━━ Data extracts

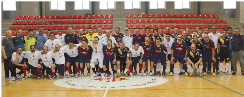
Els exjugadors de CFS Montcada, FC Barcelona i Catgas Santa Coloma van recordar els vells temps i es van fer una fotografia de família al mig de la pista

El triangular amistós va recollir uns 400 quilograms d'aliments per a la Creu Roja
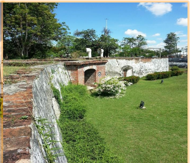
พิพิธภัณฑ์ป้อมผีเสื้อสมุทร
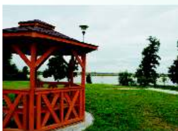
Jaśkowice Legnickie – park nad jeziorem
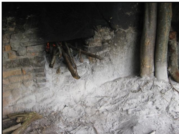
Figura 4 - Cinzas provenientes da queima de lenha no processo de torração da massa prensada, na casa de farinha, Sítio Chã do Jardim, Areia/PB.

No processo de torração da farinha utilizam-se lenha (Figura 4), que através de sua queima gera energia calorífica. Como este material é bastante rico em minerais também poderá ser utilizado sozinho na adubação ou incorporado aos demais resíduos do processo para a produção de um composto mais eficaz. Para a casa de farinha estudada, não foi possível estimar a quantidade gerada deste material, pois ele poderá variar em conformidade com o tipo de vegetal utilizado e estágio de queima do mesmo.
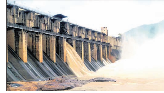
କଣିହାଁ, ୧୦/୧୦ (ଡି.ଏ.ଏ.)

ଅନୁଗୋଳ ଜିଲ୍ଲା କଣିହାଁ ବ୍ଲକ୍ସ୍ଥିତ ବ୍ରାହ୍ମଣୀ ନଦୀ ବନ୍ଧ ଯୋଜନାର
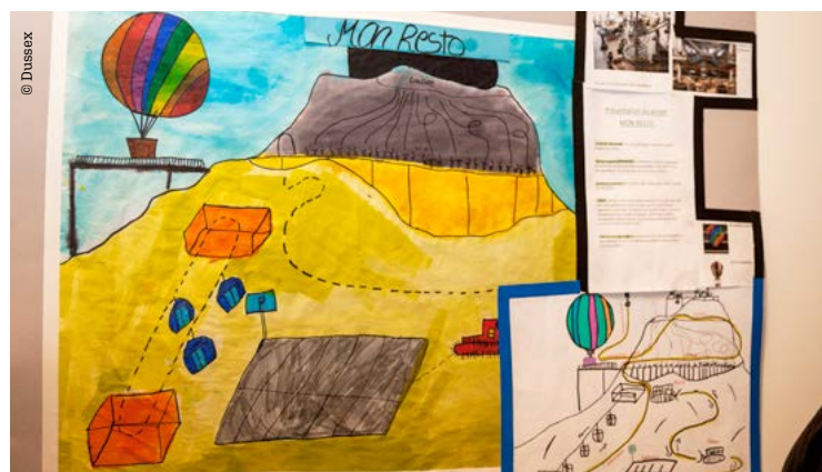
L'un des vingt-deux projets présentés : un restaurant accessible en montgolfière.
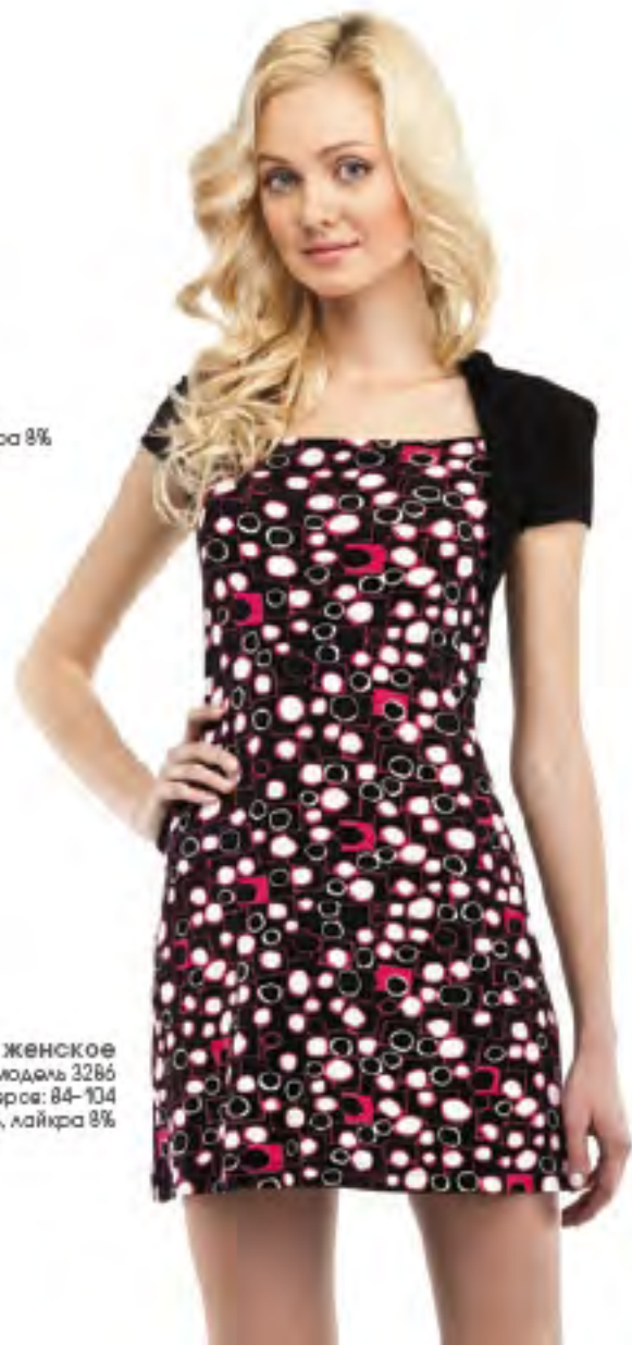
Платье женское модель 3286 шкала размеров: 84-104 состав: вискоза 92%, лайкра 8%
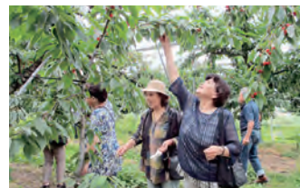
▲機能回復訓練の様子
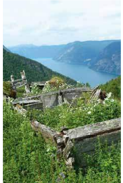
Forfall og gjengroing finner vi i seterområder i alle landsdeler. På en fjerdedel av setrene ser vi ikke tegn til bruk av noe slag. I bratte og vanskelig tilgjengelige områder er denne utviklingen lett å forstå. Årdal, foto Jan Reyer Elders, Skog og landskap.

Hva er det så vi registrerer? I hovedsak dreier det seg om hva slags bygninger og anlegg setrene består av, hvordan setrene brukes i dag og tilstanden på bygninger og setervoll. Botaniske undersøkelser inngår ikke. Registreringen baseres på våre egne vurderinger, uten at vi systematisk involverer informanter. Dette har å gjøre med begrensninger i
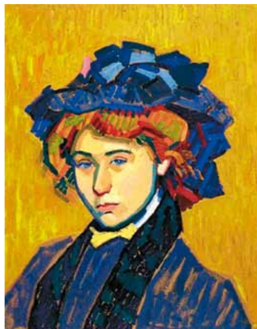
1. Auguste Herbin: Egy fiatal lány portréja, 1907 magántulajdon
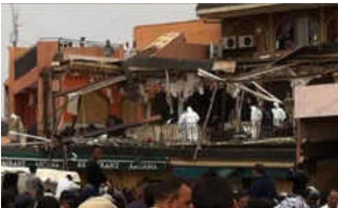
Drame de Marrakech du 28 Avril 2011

━━━━
━━ Data extracts

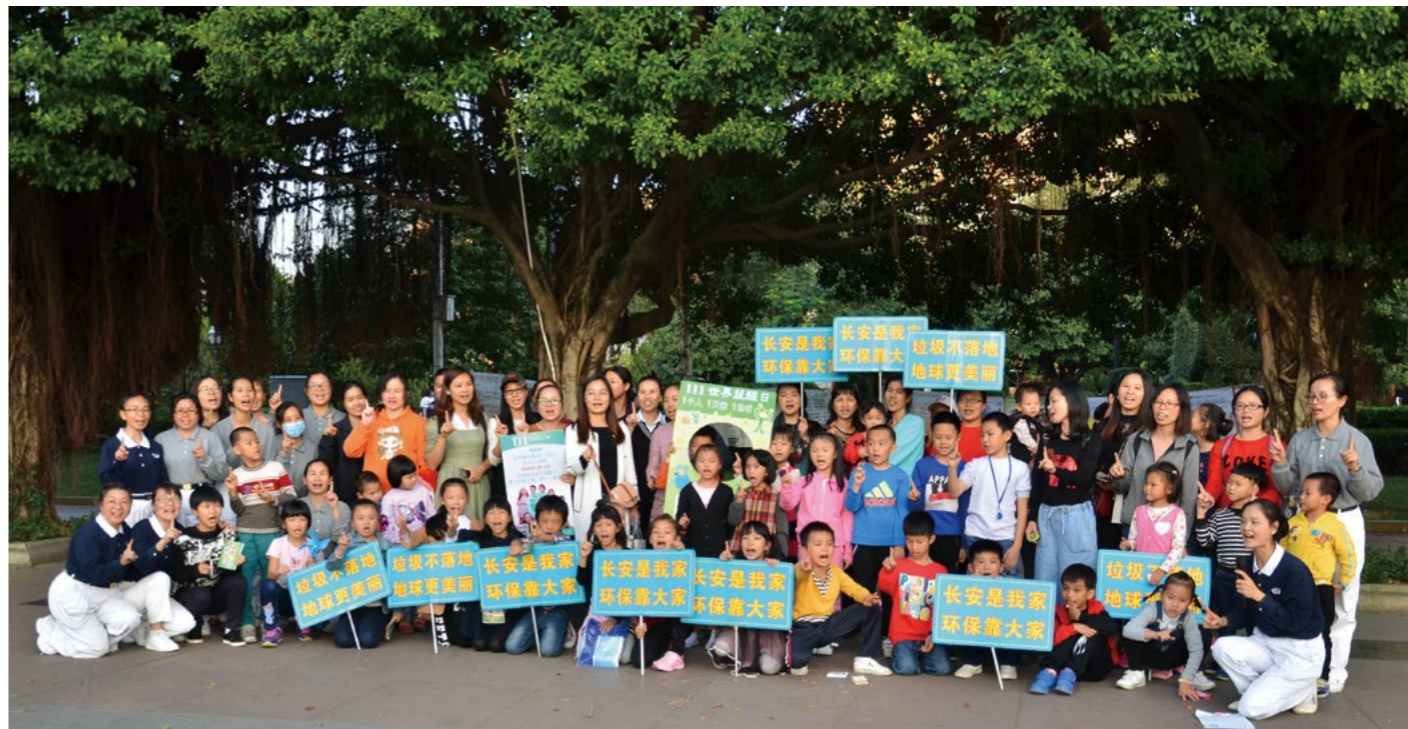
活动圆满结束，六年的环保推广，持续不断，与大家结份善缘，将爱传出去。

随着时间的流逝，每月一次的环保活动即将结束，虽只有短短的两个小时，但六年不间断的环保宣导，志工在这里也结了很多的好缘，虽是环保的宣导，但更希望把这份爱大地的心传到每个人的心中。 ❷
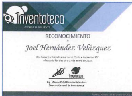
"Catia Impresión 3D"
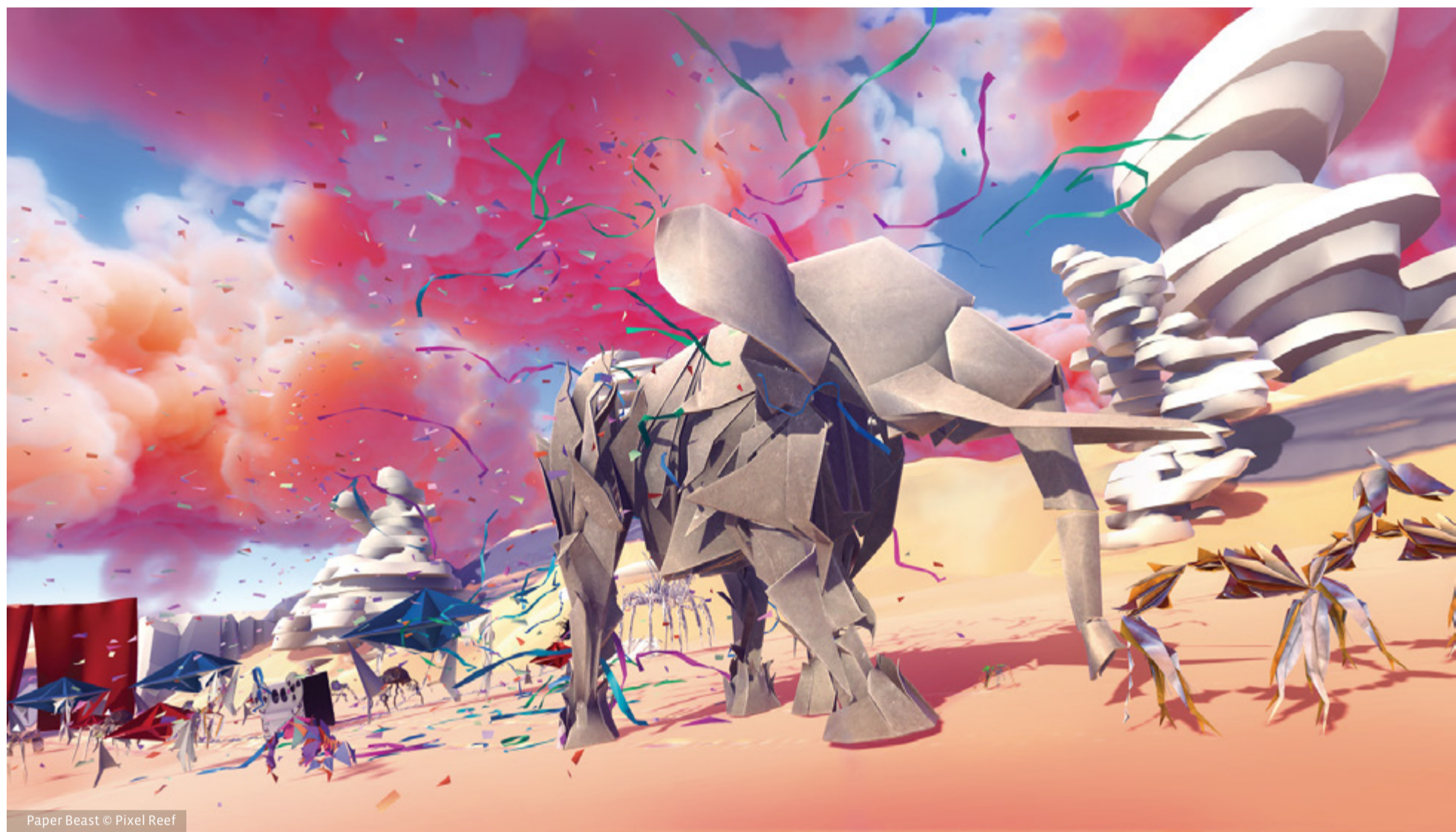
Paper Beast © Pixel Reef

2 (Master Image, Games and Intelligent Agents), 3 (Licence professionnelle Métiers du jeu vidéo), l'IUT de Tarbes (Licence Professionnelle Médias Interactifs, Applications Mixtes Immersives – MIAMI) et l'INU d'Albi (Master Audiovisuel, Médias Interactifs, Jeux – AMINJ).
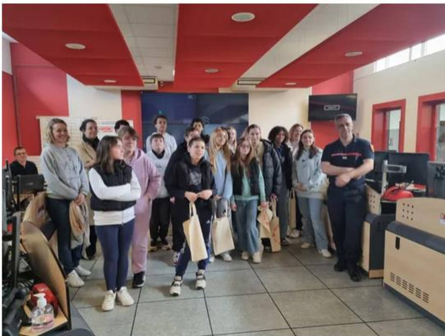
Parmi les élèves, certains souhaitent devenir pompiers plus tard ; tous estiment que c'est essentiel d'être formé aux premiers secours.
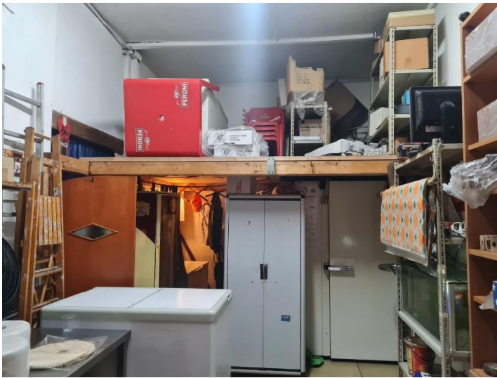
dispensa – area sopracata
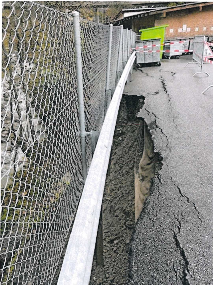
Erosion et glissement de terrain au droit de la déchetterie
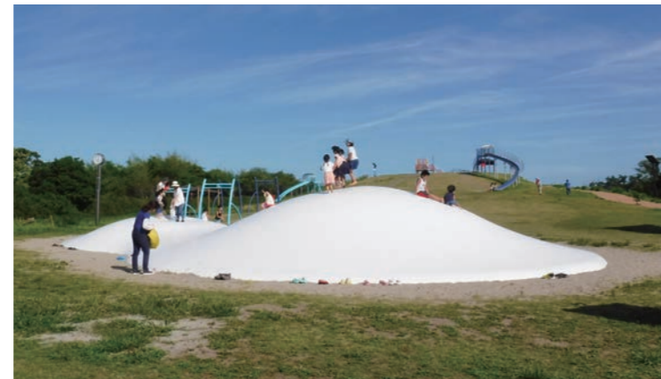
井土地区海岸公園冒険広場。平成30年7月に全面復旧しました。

━━━━

What the task asks - Report each line in the data above that holds the word "ikke" by copying it.

Response to the exercise -
Forfall og gjengroing finner vi i seterområder i alle landsdeler. På en fjerdedel av setrene ser vi ikke tegn til bruk av noe slag. I bratte og vanskelig tilgjengelige områder er denne utviklingen lett å forstå. Årdal, foto Jan Reyer Elders, Skog og landskap.
Hva er det så vi registrerer? I hovedsak dreier det seg om hva slags bygninger og anlegg setrene består av, hvordan setrene brukes i dag og tilstanden på bygninger og setervoll. Botaniske undersøkelser inngår ikke. Registreringen baseres på våre egne vurderinger, uten at vi systematisk involverer informanter. Dette har å gjøre med begrensninger i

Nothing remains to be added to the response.